Related MacDailyNews article:
Apple smartly holds back 60GB iPod debut – July 19, 2004
Apple execs miffed over Toshiba’s 60GB iPod hard drive leak – June 04, 2004

28 Comments

  1. Yep, they’re coming. It’ll just be September at the earliest before they arrive. They’ve learned their lesson about hyping products that they can’t deliver for 2+ months, so they’re trying to overly downplay this one.

  2. The 60GB harddisks have enough capacity to be even put into an advanced tablet Mac. Probably we will have a G4 based tablet mac with 1.8″ disks coming out pretty soon.

  3. Toshiba probably got ‘Steved’ for spilling the beans about Apple being a customer for their shiny new 60GB drives.

    The drives will probably show up in iPods eventually, but not before Toshiba gets a taste of some ‘have your people keep their mouths shut, or else’.

    Glad to see the 4G iPods. Nice. My wife just received a personalized, green MiniPod. She loves it. The click wheel is really cool and I’m glad they decided to incorporate it into the Snow iPod.

  4. Hmmmm I’d doubt the tablet. Not that an Apple tablet wouldn’t kick ass but… its really not that big of a market. Really. I work in a big computer store. Nobody buys tablets.

    Now, I could definitely see the 60gb drives in some sort of new Apple portable gizmo. My colleague is betting on what he calls “iSnap” – a 5 megapixel digital camera with a built in hard drive. Me personally I could see them doing a sub-notebook. Smaller than an iBook but bigger than a PDA. Seen Sony’s little 10″ laptop? It’s spiffy (for a peecee).
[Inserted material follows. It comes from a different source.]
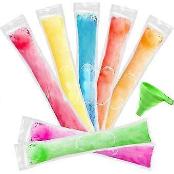Disposable Popsicle Bags with Funnel for Kids and Adults - 100pcs Freezer Tubes with Zip Seals for Homemade Ice Pops, DIY Frozen Treats, Reusable Ice

    The dreamer in me is still holding out for a new Apple PDA ;-}

  5. Perhaps the new iMac will have mini-drives behind it’s flat screen. I doubt it since heat sinks would take as much room as a typical HD depth.

    A new consumer device? Too small for a video device. I can’t see the musical capacity need either. Maybe there is little need for a 60 gig mini-drive in Apple’s lineup. Sony might want it for one of their “mistakes” in the consumer space.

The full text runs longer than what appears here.